Tu mi fai girar la testa…

E non credo si tratti del fascino Camay. Il mio dottore ha escluso il danno neurologico (yuppie!) e non è chiaro se si tratti di labirintite o del carico sul collo delle recenti operazioni ai denti (accipicchia!), fatto sta che giovedì in secondaccì, durante un’interrogazione, nel momento in cui contemplavo le tre lavagne coperte da forme verbali piuttosto ardite ad opera dei miei diletti, sono stata colta da una profonda vertigine. Per un attimo ho pensato che potesse essere la pressione bassa (dato che contro la creatività verbal-lessicale sono piuttosto vaccinata), ma non era così.

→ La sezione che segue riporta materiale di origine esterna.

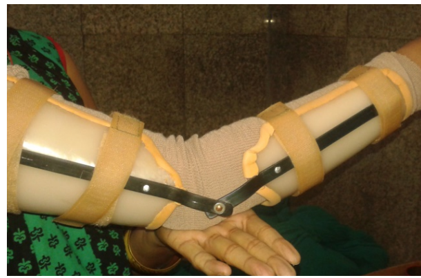
Restriction of movement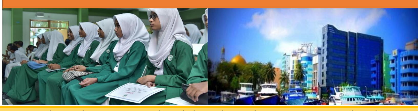
The Enhancing Employability through Human Capital and Entrepreneurship Development Project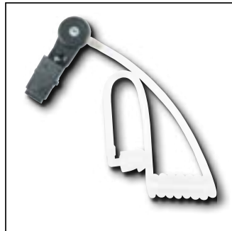
PMLN4605 Clear Coiled Audio Kit (use with FTN6707)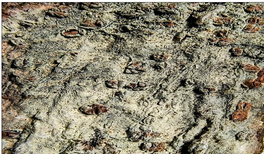
Fig. 2. Habitus of Herpothallon antillarum .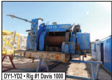
DY1-YD2 • Rig #1 Davis 1000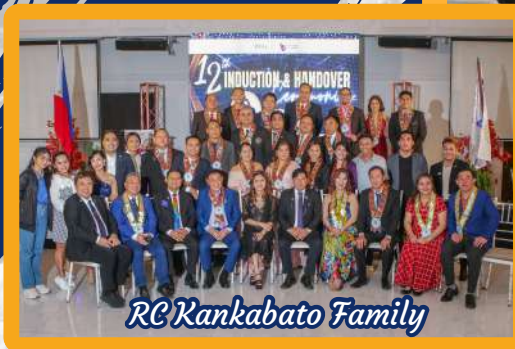
RC Kankabato Family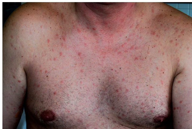
Fig. 1. Erythematous papular eruption on the trunk.

The most common infectious agents associated with cutaneous rashes (secondary syphilis, HSV 1–2, VZV,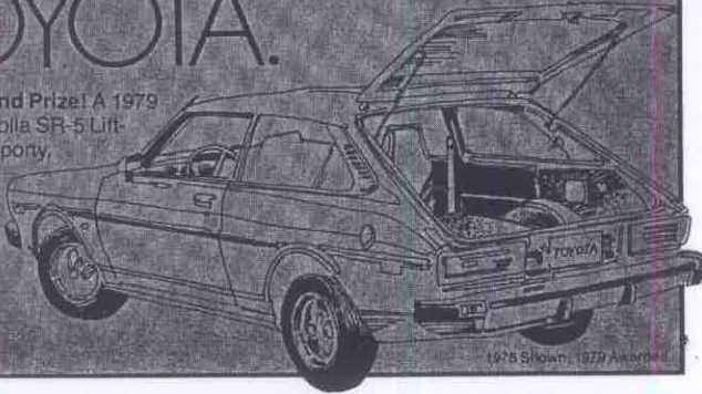
1978 Shown, 1979 Awarded

Super Grand Prize! A 1979 Toyota Corolla SR-5 Liftback—the sporty, thrifty, versatile top-of-the-line Corolla. The SR-5 Liftback's a winner—so go for it!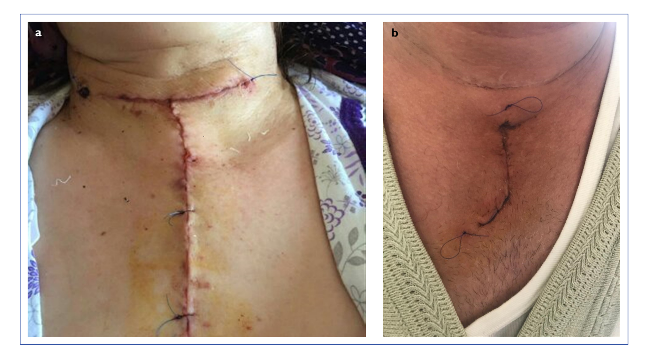
Figure 2. "T" incision in which cervical incision and sternotomy are combined (a) and vertical incision extending from the sternal notch to the third intercostal space (b).

the superior border (Fig. 2a) or a separate 5 cm vertical upper mini-J incision (Fig. 2b) extending from the sternal notch to the third intercostal space without reaching to the internal mammary vessels. Intraoperative neuromonitorization for recurrent laryngeal nerves was performed in all thyroid cases. Operative success, exposure provided by split sternotomy, and complication rates were examined.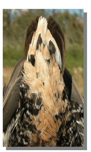
Water Rail. Spring. Pattern of undertail coverts: top left adult (06-VI); top right 2nd year (14-V); left juvenile (14-VII).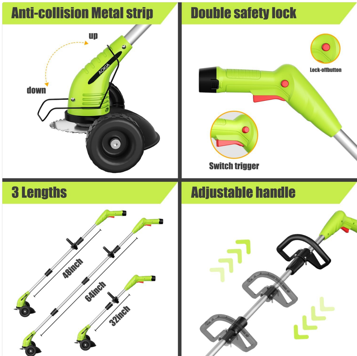
Figure 5.3: Trimmer features including adjustable length and handle.

La pressione è perfetta, dice il medico senza quantificare; eppure le vertigini sono proseguite nei momenti più strani, tipo quando dal sole sono entrata nell’androne in ombra. E’ la prima volta che mi si diagnostica una sindrome vertiginosa. Neanche ai tempi della minigonna o a quelli più recenti di proverbiali scollature.

Sembra che il cortisone mi farà sgonfiare il cervello (mah!), comunque mi risparmia gli sternuti primaverili… Ora mi dirigo vertiginosamente a letto, dove mi attendono due classi di vertiginose traduzioni grammaticali. Ma come diceva la mia omonima: ci penserò domani. O magari dopodomani.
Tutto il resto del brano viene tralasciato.